Expand Beyond Oxygen Desaturation:

• Incorporate non-oximetric aspects of OSA, such as:
  • Cortical and autonomic arousals following respiratory events.
  • Metrics like heart rate response (∆HR) and arousal intensity to better capture the overall physiological burden of OSA.

Refine HB Definition:

• Systematically evaluate the impact of deep vs. shallow desaturations and short vs. long events on outcomes.
• Modify HB calculations to incorporate the relative contributions of these desaturation characteristics.

Integration with Advanced Technologies:

• Leverage advancements in:
  • Machine learning and deep learning to analyze polysomnography data.
  • Automated scoring and prediction models for more accurate and scalable HB calculations.
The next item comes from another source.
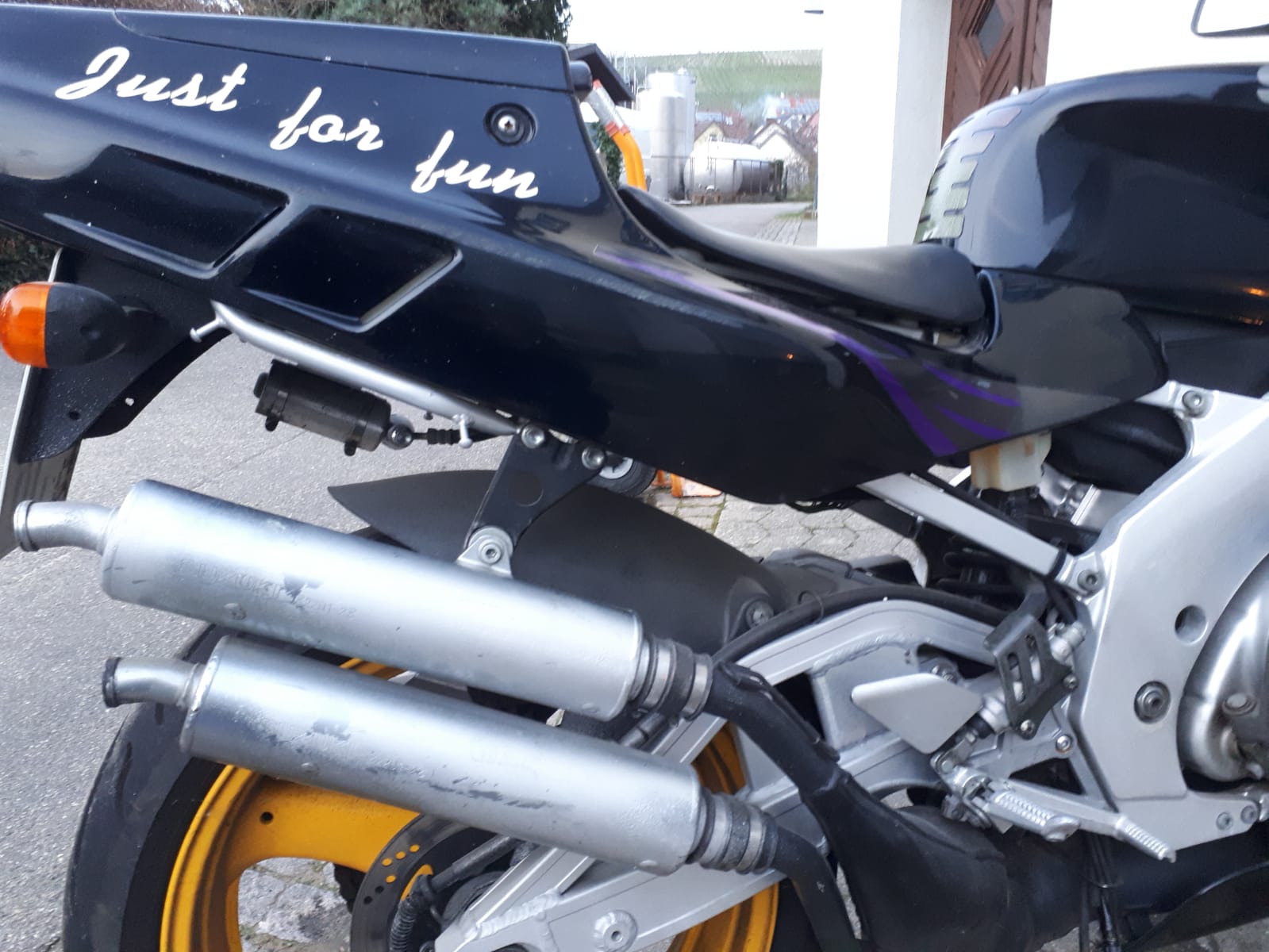 Zuhause angekommen machte ich mich erst einmal daran, die Verkleidung aufzubereiten. Das hieß erstmal viele Aufkleber zu entfernen und auch Zink Spray, dieses hatte der Vorbesitzer nach einem Rutscher rechts auf die Endtöpfe gesprüht, ohne andere Sachen, wie Schwinge usw. abzudecken ![]()

Broader Clinical Applications:

• Validate HB as a tool for predicting risks beyond cardiovascular outcomes, including:
  • Metabolic disorders.
  • Neurocognitive impairments.
  • Cancer progression.

Tailored Interventions (Precision Medicine):

• Use HB to guide personalized treatment plans:
  • Stratify patients based on HB levels to prioritize intensive interventions for high-risk individuals.
  • Monitor changes in HB to assess the effectiveness of therapies like CPAP.
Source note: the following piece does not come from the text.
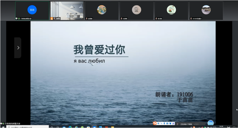 191006班的黑玉在朗读诗歌《Короткий》(短)时说:“我们走过人生各个阶段的历程,会经历困境、逆境,但也有喜悦和收获。如今我们虽然经历疫情,但我们也收获了很多友情、亲情。青春的岁月和热烈的心是为了预见奇妙的缘分和心动的人。把信念练得无坚不摧,把杂念制成防弹衣。我们不用什么怕路途遥远,因为走一步有一步的风景。”

Large-Scale Studies and Trials:

• Conduct prospective, randomized controlled trials to:
  • Evaluate HB’s utility in risk prediction.
  • Determine the clinical benefits of incorporating HB into routine care.
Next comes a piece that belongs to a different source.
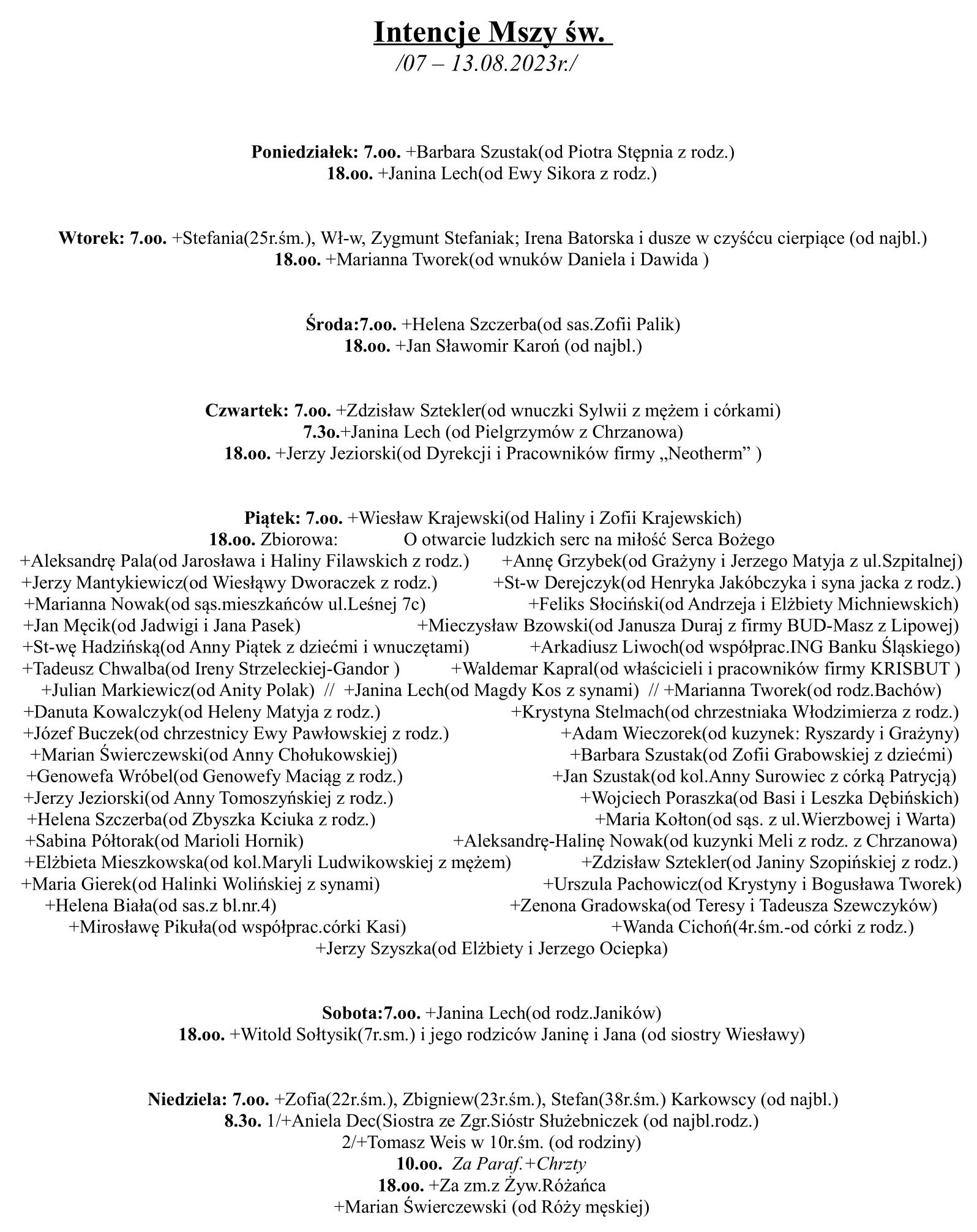 Intencje Mszy Św. /07-13.08.2023r./

Standardization and Thresholds:

• Develop standardized protocols for calculating HB to ensure consistency across sleep laboratories and devices.
• Establish widely accepted thresholds for high-risk HB values to guide clinical decision-making.

Broader Accessibility:

• Facilitate the adoption of HB in both in-lab and at-home sleep studies by ensuring compatibility with commonly used devices and software.

Summary:

Future research and innovation should focus on refining the calculation, validation, and application of HB while exploring its potential in personalized care and broader clinical contexts. These advancements could significantly improve risk stratification, treatment outcomes, and overall patient care in OSA management.